A GREENOCK-BORN driver has successfully defended a national motor racing title.

And now Steven Gray is hoping to make it a hat-trick of Scottish Motor Racing Club Ford XR2 Championships.

He was presented with his latest trophy by current British Touring Car Champion Gordon Sheddon at an awards dinner in Edinburgh attended by Olympic champion cyclist Sir Chris Hoy, who is now racing cars instead of bikes. Steven, 37, is one of the few people to win the event twice — and no-one has done it three times.

He said he was ‘really happy’ to clinch the title for the second time.

Steven said: “It was good to know that I could manage to do it again, and that last year I wasn’t just lucky.

“I will be racing in the same class this year defending the title. I’m then hoping to move up a class to the Fiesta STs.

“However, that involves a new car and will depend on my finances at that time.”

Steven said he was also fortunate that, in the last race of the season, he managed to break the Knockhill racing circuit lap record for the ford XR2s class.
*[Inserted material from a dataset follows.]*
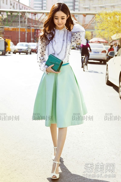 赵在拍摄街头电影时,穿着一件白色波点拼布衬衫,搭配一条甜美优雅的裙子,一头柔软的长卷发,看上去很柔软。他低着头,笑容里充满了小女人的娇羞和魅力,这非常令人兴奋。长袖衬衫配裙子是秋季的经典搭配。跟赵学着一起穿。
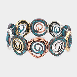 Colorful Floral CZ Stone Tip Twisted Cuff Bracelet

He said: “The conditions were perfect for it, as it was a cold day, which means that the engines pull better than normal.

“This helped me to get ahead of the rest of the drivers in the group.

“By this time I had accumulated enough points that, even if I didn’t finish, I had already won the championship.

“With this in mind, I just threw everything at breaking the lap record and, fortunately I was successful. It was the perfect end to the season!”

Steven now lives and works in Aberdeen, but has family in Greenock including his grandfather, George Gray, who is well known through Telegraph stories about campaigning for a medal for veterans of the World War Two Arctic Convoys.

George, 89, is a patient in Inverclyde Royal Hospital, where Steven visited him with both of his trophies.

Steven lived in Ardgowan Street as a youngster, but his family moved to Aberdeen for employment reasons.

His dad, also named George, said: “Steven has been involved in the motor racing scene since he was 19, and took part in a residential driver training course at Silverstone, where he was trained in driving techniques, car set-up and the rules and regulations for going racing.

“After this he scraped together the cash to buy his first car, a Ford Fiesta XR2. He joined the Scottish Motor Racing Club, which allowed him to take part in its races, held mainly at Knockhill with the occasional one in England.

“He works as a project manager with an information technology firm in Aberdeen, and had to take time off driving for eight years when he was based in America, London and Angola.

“During this time, however, he kept his car at Knockhill and managed to give it the occasional run.”